Segment Start: Given records
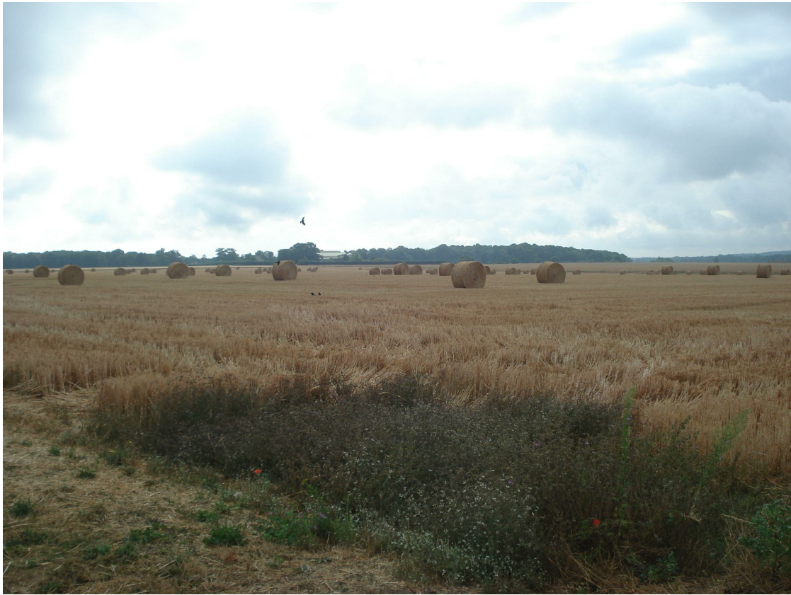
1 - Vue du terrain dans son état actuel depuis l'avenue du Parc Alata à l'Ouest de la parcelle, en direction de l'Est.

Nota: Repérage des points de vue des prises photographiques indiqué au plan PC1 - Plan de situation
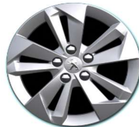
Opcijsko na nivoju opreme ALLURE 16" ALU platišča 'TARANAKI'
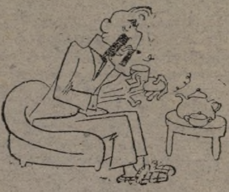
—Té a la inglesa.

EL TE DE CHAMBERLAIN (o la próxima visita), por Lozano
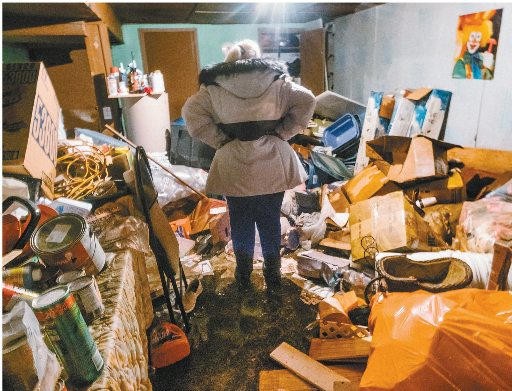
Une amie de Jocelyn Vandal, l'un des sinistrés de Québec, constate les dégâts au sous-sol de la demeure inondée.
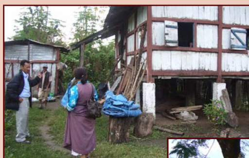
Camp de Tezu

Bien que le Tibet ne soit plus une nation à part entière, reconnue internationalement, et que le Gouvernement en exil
Segment End: Given records
Return each of the lines exactly as they appear above, with no images.

Result for this exercise:
1 - Vue du terrain dans son état actuel depuis l'avenue du Parc Alata à l'Ouest de la parcelle, en direction de l'Est.

Nota: Repérage des points de vue des prises photographiques indiqué au plan PC1 - Plan de situation
Opcijsko na nivoju opreme ALLURE 16" ALU platišča 'TARANAKI'
—Té a la inglesa.

EL TE DE CHAMBERLAIN (o la próxima visita), por Lozano
Une amie de Jocelyn Vandal, l'un des sinistrés de Québec, constate les dégâts au sous-sol de la demeure inondée.
Camp de Tezu

Bien que le Tibet ne soit plus une nation à part entière, reconnue internationalement, et que le Gouvernement en exil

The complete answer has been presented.